Sec. 5. An Officer who wishes to resign shall give written notice to ROAD. The resignation is effective without acceptance when the notice is given to ROAD, unless a later effective date is specified in the notice.
Sec. 6. If a vacancy occurs among the Officers or Executive Board the members may fill the vacancy, or, if authorized by the members, the remaining members of the Executive Board, even if less than a quorum, may fill the vacancy.
ARTICLE V – Schedule and Quorum for Meetings
Sec. 1. Membership Meetings shall be held at least annually. Public announcement of the meeting and individual notice to each member in good standing shall be made at least two weeks prior to the Membership Meeting.
Sec. 2. Membership meetings shall be open to the public.
Sec. 3. One-fifth of the members in good standing shall constitute a quorum for membership meetings.
Sec. 4. Membership Meetings shall be called by, and scheduled by , the Executive Board, or called by a petition of 5% of the membership.
Sec.5. The membership, at its meetings, shall have the ultimate decision-making authority for the association.
Sec. 6. The membership and the Executive Board may at each meeting adopt rules for their procedure. Unless otherwise adopted, decisions and issues regarding procedure shall be governed by the latest version of Roberts Rules of Order.

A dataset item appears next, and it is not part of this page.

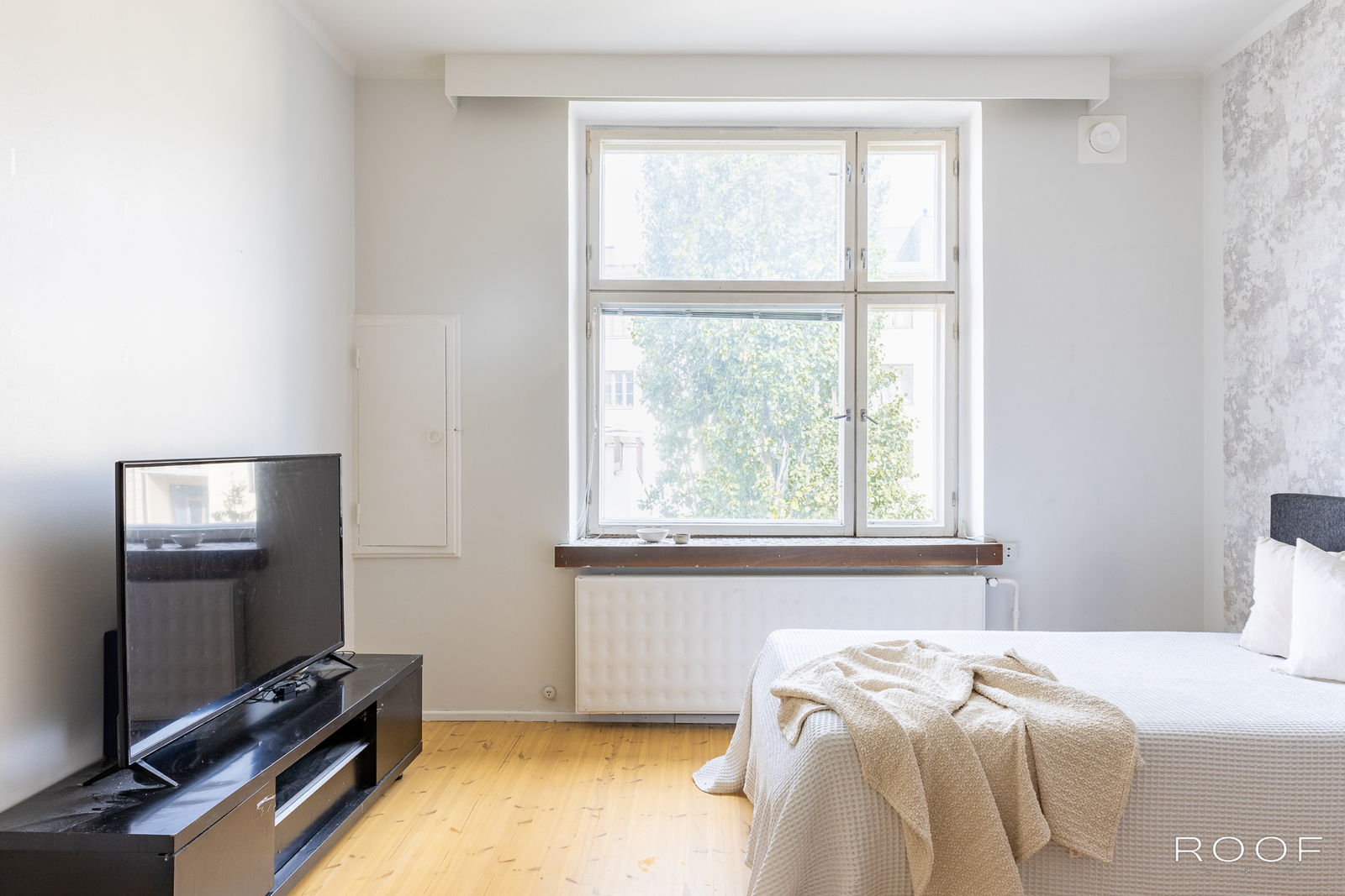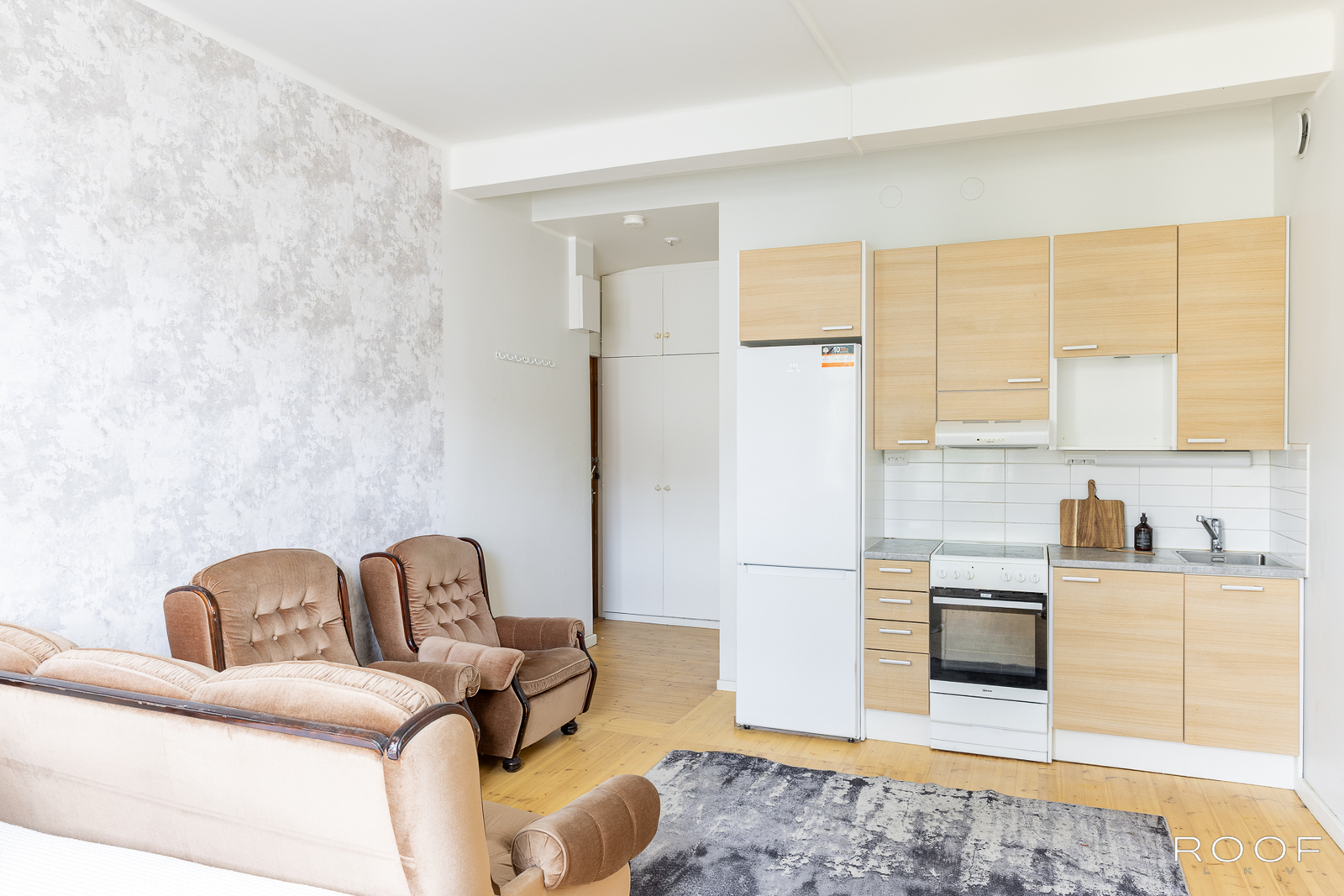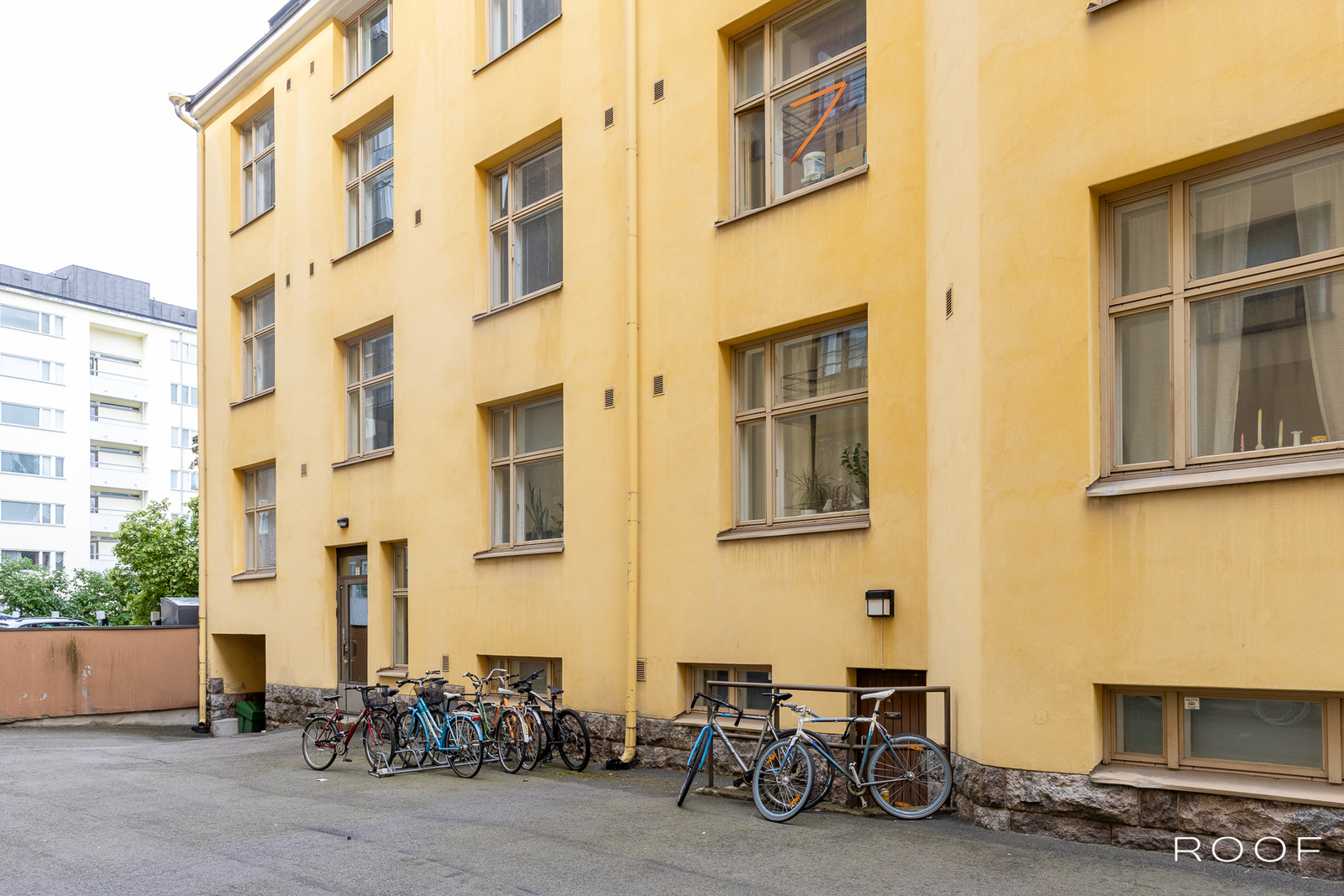Asunto avautuu sisäpihan suuntaan, mikä tekee tunnelmasta rauhallisen kaupungin vilinästä huolimatta. Yksiön perinteiset materiaalit ja selkeä pohjaratkaisu luovat viihtyisän arjen perustan.

Sec. 7. The Executive Board shall meet monthly, unless determined differently by the Executive Board. Executive Board meetings and all other meetings shall be open to all members. The Executive Board meetings shall be announced to all members at least one week prior to the meeting.

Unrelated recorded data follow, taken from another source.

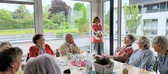Eine schöne Muttertagsfeier bereitete das AWO-Team den Besucherinnen im vollbesetzten Seniorencafé in der Wohnanlage San-Pietro-Straße. Nach Kaffee und Torte wurde noch mit Sekt und Orangensaft auf einen Geburtstag angestoßen. Rote Glückskäfer, bunte Schmetterlings-Servietten und Blumen schmückten die Tische. Zum Nachmittagsprogramm gehörten Muttertags- und Mai-Lieder sowie ausgesuchte Gedichte und Geschichten. Zum Abschluss verblüffte Ria Opper die Gäste mit der Vorführung eines Zauber-Kunststücks. Der AWO-Vorsitzende Gerhard Körber dankte dem AWO-Helferteam mit Blumen für den ehrenamtlichen wöchentlichen Einsatz.
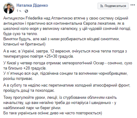 "Антициклон Friederike над Атлантикой втянет в свою систему восточный антициклон и практически вся континентальная Европа будет лежать, как в шезлонге у моря в большой шляпе, в этой замечательной солнечной погоде, будет сухо и тепло. Исключения будут, но пусть с ними разбираются местные синоптики, испанские или британские. А у нас, в Украине, завтра, 12 сентября, ожидается ясная теплая погода с температурой воздуха +25...+30 градусов", - написала Наталья Диденко.
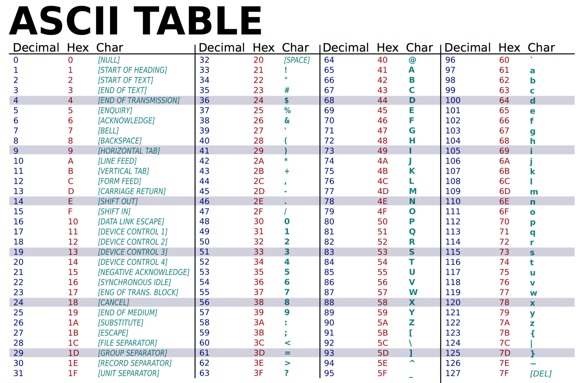 ASCII Table Printable Reference U0026 Guide lph rithms
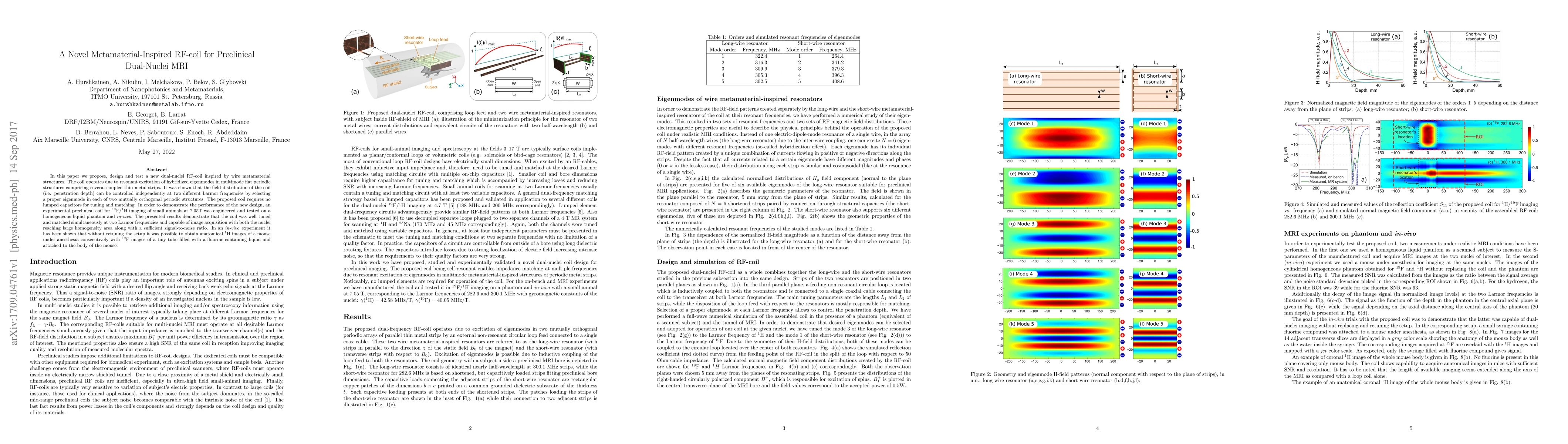 In this paper we propose, design and test a new dual-nuclei RF-coil inspired by wire metamaterial structures. The coil operates due to resonant excitation of hybridized eigenmodes in multimode flat periodic structures comprising several coupled thin metal strips. It was shown that the field distribution of the coil (i.e. penetration depth) can be controlled independently at two different Larmor frequencies by selecting a proper eigenmode in each of two mutually orthogonal periodic structures. The proposed coil requires no lumped capacitors for tuning and matching. In order to demonstrate the performance of the new design, an experimental preclinical coil for $^{19}$F/$^{1}$H imaging of small animals at 7.05T was engineered and tested on a homogeneous liquid phantom and in-vivo. The presented results demonstrate that the coil was well tuned and matched simultaneously at two Larmor frequencies and capable of image acquisition with both the nuclei reaching large homogeneity area along with a sufficient signal-to-noise ratio. In an in-vivo experiment it has been shown that without retuning the setup it was possible to obtain anatomical $^{1}$H images of a mouse under anesthesia consecutively with $^{19}$F images of a tiny tube filled with a fluorine-containing liquid and attached to the body of the mouse.
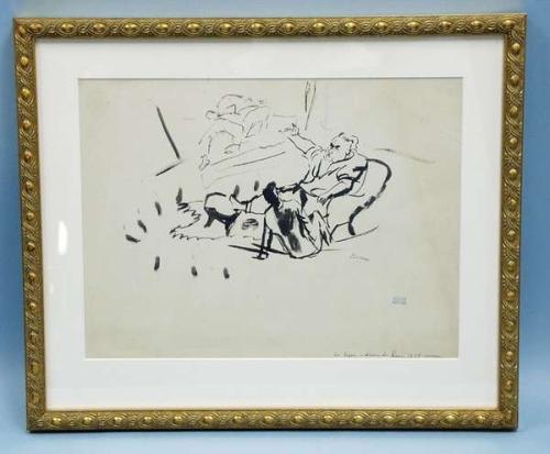 JULES PASCIN (1885-1930) "The Lesson". China ink study on beige paper. Signed, and with Atelier stamp, also titled and date January 1924, lower right. 12" x 16". In gilt frame. With certificate of expertise from Frode Krohg. Ref. Benezit, vol. 6, page 534. 5000-6000
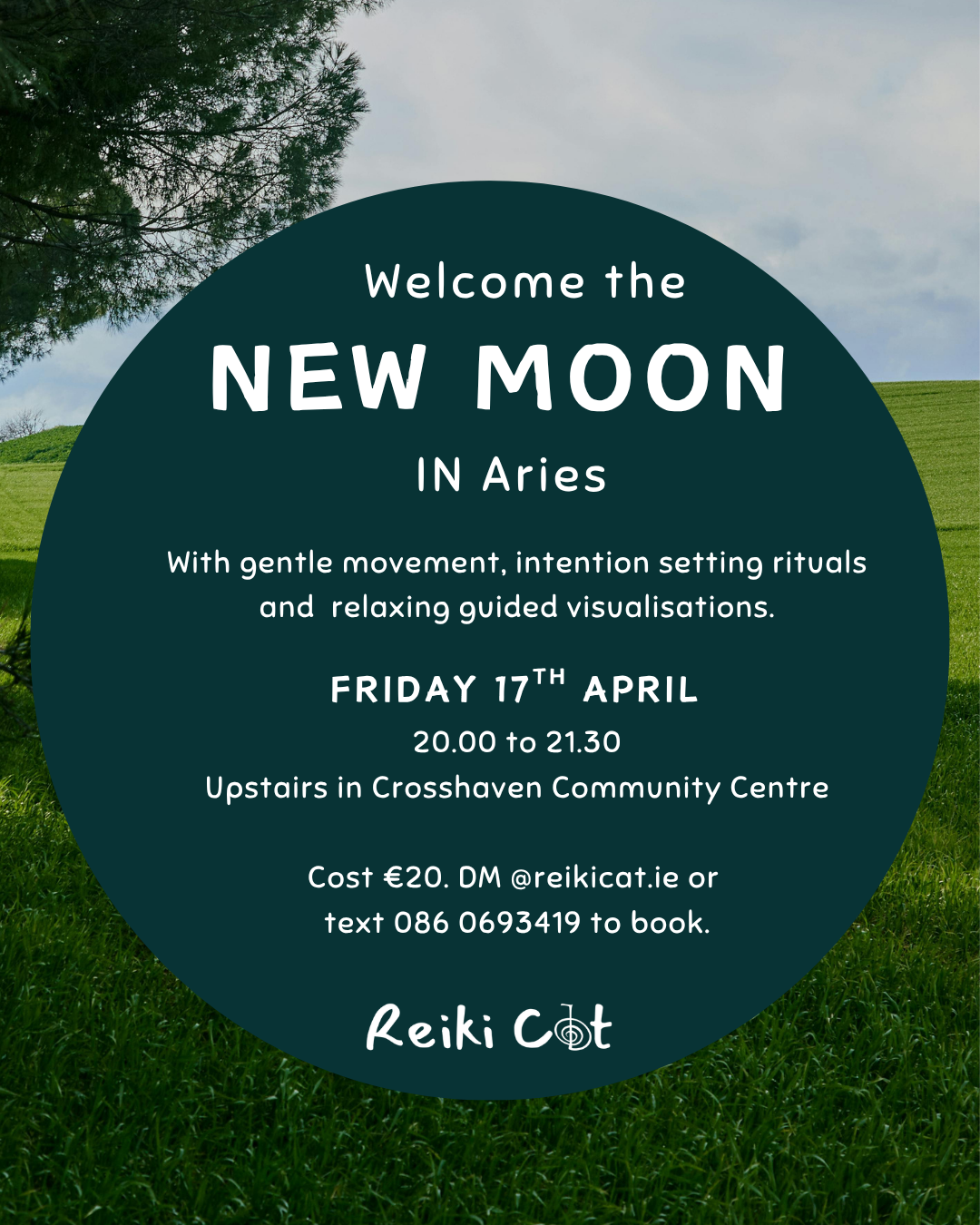 Join me in welcoming the New Moon in Aries on Friday 17th April at 8pm, upstairs in Crosshaven Community Centre.

Sec. 8. The quorum for the Executive Board shall be four members.
Sec. 9. The Executive Board shall have decision-making authority for the association between annual meetings.

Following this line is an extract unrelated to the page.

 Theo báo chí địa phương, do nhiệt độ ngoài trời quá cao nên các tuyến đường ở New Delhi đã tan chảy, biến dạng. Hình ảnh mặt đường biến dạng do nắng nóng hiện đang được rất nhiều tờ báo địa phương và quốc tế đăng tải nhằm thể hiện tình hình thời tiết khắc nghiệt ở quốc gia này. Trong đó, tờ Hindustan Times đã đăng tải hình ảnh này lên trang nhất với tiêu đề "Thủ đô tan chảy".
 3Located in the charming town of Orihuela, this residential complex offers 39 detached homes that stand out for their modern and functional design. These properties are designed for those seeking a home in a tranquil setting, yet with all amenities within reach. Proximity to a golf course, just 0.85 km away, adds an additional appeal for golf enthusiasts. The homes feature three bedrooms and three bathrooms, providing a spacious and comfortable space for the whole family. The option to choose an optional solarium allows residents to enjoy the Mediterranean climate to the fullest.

Sec. 10. At an annual Membership Meeting:
(1) there must be an election by the members of successors for officers and Executive Board members whose terms have expired or whose terms expire at that annual meeting;
(2) there must be a report on the activities and financial condition of the organization; and
(3) the members shall consider and act upon other matters as may be raised consistent with the notice of meeting requirements.
ARTICLE VI – Duties of Officers and Executive Board
Sec. 1. The Chair shall preside at all meetings.
Sec. 2. The Chair shall have executive supervision over activities of the association within the scope provided by these bylaws. The Chair shall have decision- making authority between meetings of the Executive Board and annual meetings, except as provided in Article VII, Sec. 1.
Sec. 3. The Treasurer shall be responsible for the safekeeping of association funds, for maintaining adequate financial records, and for depositing all monies with a reliable banking company in the name of the association. The Treasurer shall collect dues and shall make an annual report at a annual meeting and to the Executive Board as requested.
Sec. 4. The Secretary shall keep minutes of the association membership meetings, and the Executive Board meetings, and maintain a list of members with addresses and contact information.
Sec. 5. The Executive Board may create non-policy committee for special events or projects, or for permanent activities such as fundraising, public relations and publicity, or communications. The Executive Board may also create policy committees, composed of members.
All committees shall report to the Executive Board.
Sec. 6. Two members of the Executive Board, excluding the Treasurer, shall be chosen by the Executive Board to conduct an annual audit of financial records and report back to the Board.
ARTICLE VII – Amendment of By-Laws
Sec. 1. These By-Laws may be amended by two-thirds vote of the members present at a properly scheduled and announced meeting with a quorum present. Proposed amendments must be in writing, they shall submitted to the Secretary, and if possible included in the announcement of the meeting.
Sec. 2. When an amendment to the By-Laws has been adopted, a copy of the amendment must be prepared that states the text of the amendment, states the fact that ROAD has adopted the amendment, and states the date of adoption of the amendment.